En embrassant, dans la journée du 9 thermidor, la cause des proscrits,
Hanriot, comme Dumas et Coffinhal, comme Payan et Fleuriot-Lescot, ne
fit que céder à l'ascendant de la vertu. Si, vingt-quatre heures
d'avance seulement, Robespierre avait eu l'idée de s'entendre avec ces
hauts fonctionnaires, si aux formidables intrigues nouées depuis si
longtemps contre lui il avait opposé les plus simples mesures de
prudence, s'il avait prévenu d'un mot quelques membres influents de la
Commune et des sections, s'il avait enfin pris soin d'éclairer sur les
sinistres projets de ses adversaires la foule immense de ses admirateurs
et de ses amis inconnus, la victoire lui était assurée; mais, en dehors
de la Convention, il n'y avait pas de salut à ses yeux; l'Assemblée,
c'était l'arche sainte; plutôt que d'y porter la main, il aurait offert
sa poitrine aux poignards. Pour triompher de ses ennemis, il crut qu'il
lui suffirait d'un discours, et il se présenta sans autre arme sur le
champ de bataille, confiant dans son bon droit et dans les sentiments de
justice et d'équité de la Convention. Fatale illusion, mais noble
croyance, dont sa mémoire devrait rester éternellement honorée.
IX
D'ailleurs Robespierre ne put se persuader, j'imagine, que ses collègues
du comité de Salut public l'abandonneraient si aisément à la rage de ses
ennemis. Mais il comptait sans les jaloux et les envieux, à qui son
immense popularité portait ombrage. La persistance de Maximilien à ne
point s'associer à une foule d'actes qu'il considérait comme
tyranniques, à ne pas prendre part, quoique présent, aux délibérations
du comité, exaspéra certainement quelques-uns de ses collègues, surtout
Billaud.
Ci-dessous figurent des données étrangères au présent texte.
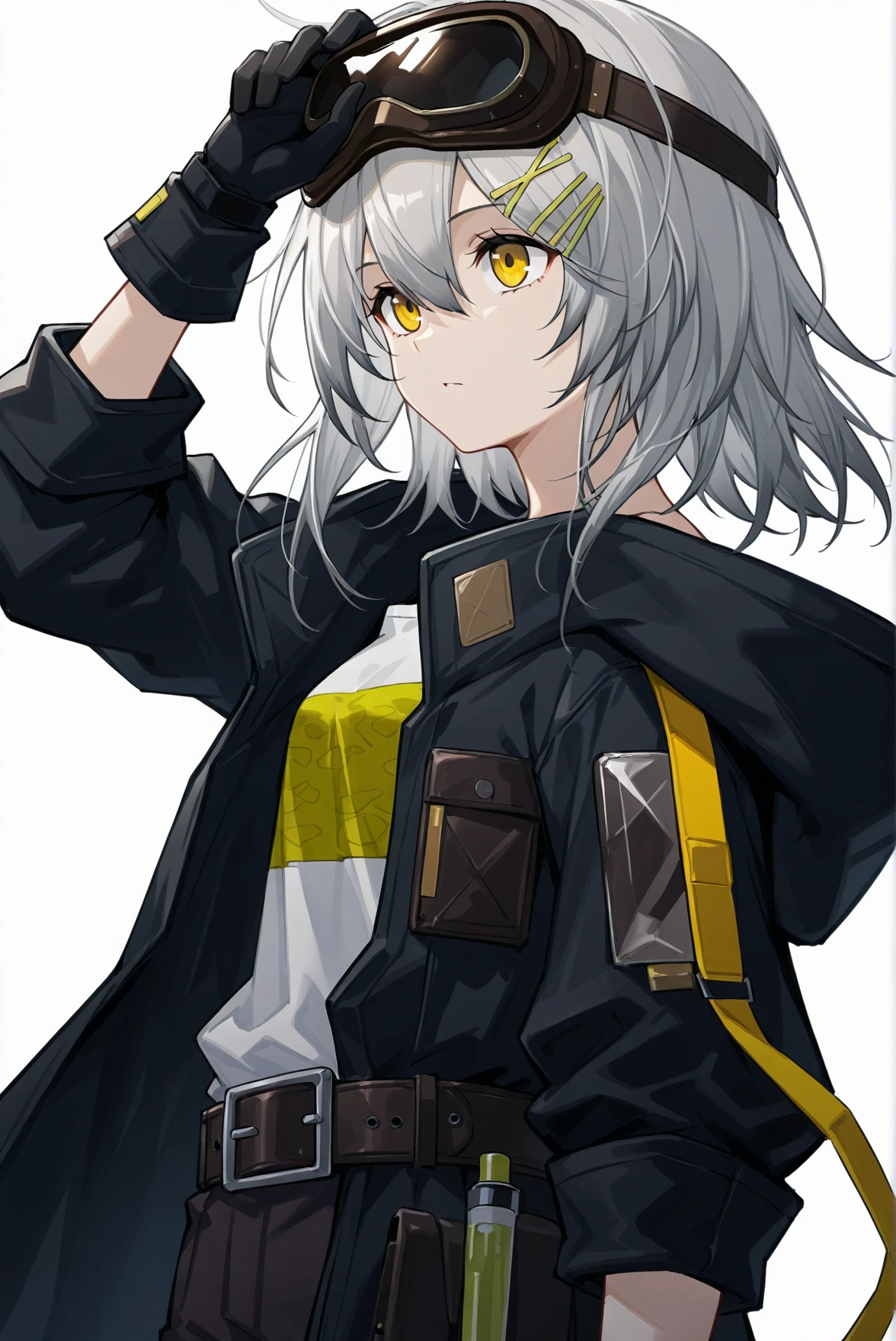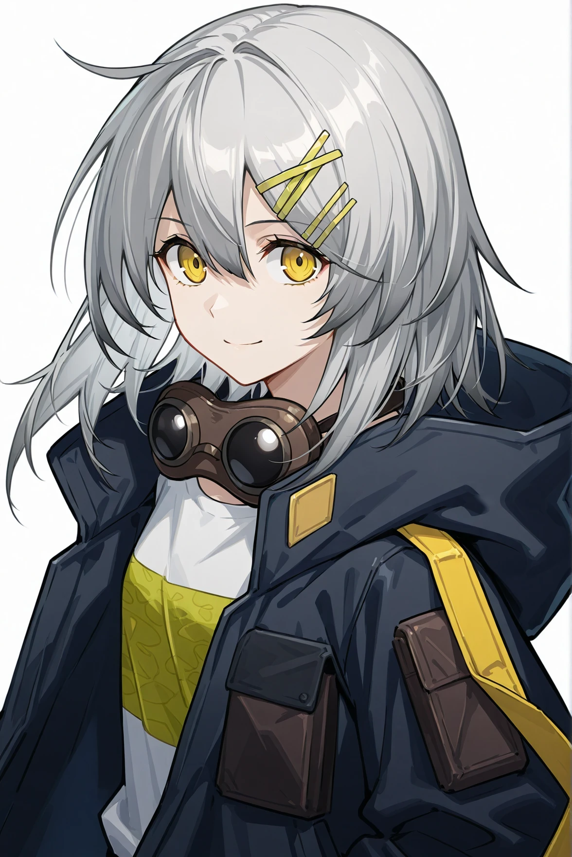 prompt: bangs, yellow eyes, silver hair, medium hair, hairclip, hair between eyes

Ce dernier lui reprochait d'être le tyran de l'opinion, à cause
de ses succès de tribune. Singulier reproche qui fit dire à Saint-Just:
«Est-il un triomphe plus désintéressé? Caton aurait chassé de Rome le
mauvais citoyen qui eût appelé l'éloquence dans la tribune aux harangues
le tyran de l'opinion[404].» Son empire, ajoute-t-il excellemment, se
donne à la raison et ne ressemble guère au pouvoir des gouvernements.
Mais Billaud-Varenne et Collot-d'Herbois, forts de l'appui de Carnot,
avaient pour ainsi dire accaparé à cette époque l'exercice du
pouvoir[405]: ils ne se souciaient nullement de voir la puissance du
gouvernement contre balancée par celle de l'opinion.
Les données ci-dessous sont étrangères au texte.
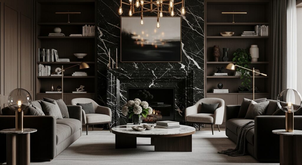 Dark stone or marble adds substantial luxury and permanent architectural drama to moody living rooms. Install a dark marble fireplace surround in black, deep green, or charcoal with dramatic veining. Create an accent wall in stacked black stone or slate for three-dimensional texture. Use dark marble or soapstone for a coffee table or side tables for functional beauty. The natural material adds organic texture and patterns created by geological processes over millennia.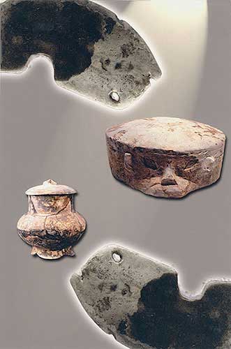 魚鳥形玉璜:裝飾品(上、下,長6.6厘米)[相關(guān)鏈接]:20世紀(jì)中國百項(xiàng)考古大發(fā)現(xiàn)(1-20)21、大溪遺址(圖)22、城頭山遺址(圖)23、屈家?guī)X遺址(圖)24、崧澤遺址(圖)25、馬家窯遺址(圖)26、柳灣墓地(圖)27、牛河梁遺址(圖)28、城子崖遺址(圖)29、良渚文化遺址群(圖)30、石家河遺址群(圖)31、陶寺遺址(圖) 32、王城崗遺址(圖)33、齊家坪遺址(圖)34、卡若遺址(圖)35、石峽遺址(圖) 36、東灣仔北遺址(圖)37、圓山遺址(圖)38、二里頭遺址(圖)39、東下馮遺址(圖)40、夏家店遺址(圖)

[Note 404: Discours du 9 Thermidor.]
[Note 405: «Vous avez confié le gouvernement à douze personnes, il
s'est trouvé, en effet, le dernier mois, entre deux ou trois.»
Saint-Just, _discours du 9 thermidor_.]
Cependant diverses tentatives de rapprochement eurent lieu dans les
premiers jours de thermidor, non seulement entre les membres du comité
de Salut public, mais encore entre les membres des deux comités réunis.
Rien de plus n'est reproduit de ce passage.